Kellogg Hansen attorneys obtained a jury verdict of $318.75 million for fraud and unfair trade practices arising out of contract negotiations between plaintiff, a high-technology start-up company, and defendant, a major ultrasound company. This was one of the largest unfair trade practices judgments ($180 million collected in a settlement). Volumetrics Medical Imaging, Inc. v. ATL Ultrasound, Inc., No. 01-cv-00182 (M.D.N.C.).
Kellogg Hansen attorneys represented Conwood in obtaining and defending the largest antitrust verdict ever affirmed on appeal. The jury found that United States Tobacco (UST) abused its monopoly power and awarded Conwood $1.05 billion in damages. UST ultimately paid the entire verdict plus interest after appeals were exhausted. $1.3 billion was collected after denial of certiorari. The trial team included now-Supreme Court Justice Neil Gorsuch. Conwood Co., L.P. v. U.S. Tobacco Co., 290 F.3d 768 (6th Cir. 2002), cert. denied, 537 U.S. 1148 (2003).

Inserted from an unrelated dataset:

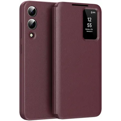 • Phonesta Smart Window Book Wallet Klapphülle für Samsung Galaxy S25 Edge - Bordeaux

Kellogg Hansen attorneys represented the plaintiffs in Coordination Proceedings Special Title (Rule 1550(b)) Microsoft I – V Cases. Kellogg Hansen attorneys investigated, drafted, and filed the complaint in Lingo v. Microsoft Corp., No. 301357 (Cal. Super. Ct., San Fran.), which became the lead case against Microsoft in California after consolidation, on February 18, 1999. On January 10, 2003, plaintiffs’ counsel and the class representatives reached an agreement with Microsoft on a settlement, which provided $1.1 billion in monetary benefits to California consumers and municipalities. This settlement is the largest recovery of a monopoly overcharge ever achieved in the United States and the largest recovery ever achieved under California’s Cartwright Act or California’s Unfair Competition Act. Coordination Proceedings Special Title (Rule 1550(b)) Microsoft I – V Cases, J.C.C.P. No. 4106 (Cal. Super. Ct., San Fran.).

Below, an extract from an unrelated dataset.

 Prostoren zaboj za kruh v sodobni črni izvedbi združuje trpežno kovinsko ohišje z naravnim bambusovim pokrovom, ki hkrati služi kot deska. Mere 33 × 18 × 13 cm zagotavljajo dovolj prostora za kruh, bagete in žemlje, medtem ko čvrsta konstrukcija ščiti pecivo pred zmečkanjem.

Kellogg Hansen attorneys represented a group of industrial copper purchasers in an antitrust action against J.P. Morgan, in which the purchasers alleged that J.P. Morgan participated in a conspiracy to manipulate the worldwide price of copper, thereby causing hundreds of millions of dollars in damages. Plaintiffs successfully opposed a motion for summary judgment, and the matter settled favorably immediately before trial with the clients recovering approximately forty times more than their share of the class recovery against the other defendants in an earlier phase of the litigation. In re Copper Antitrust Litigation, MDL 1303 (W.D. Wis. 2000).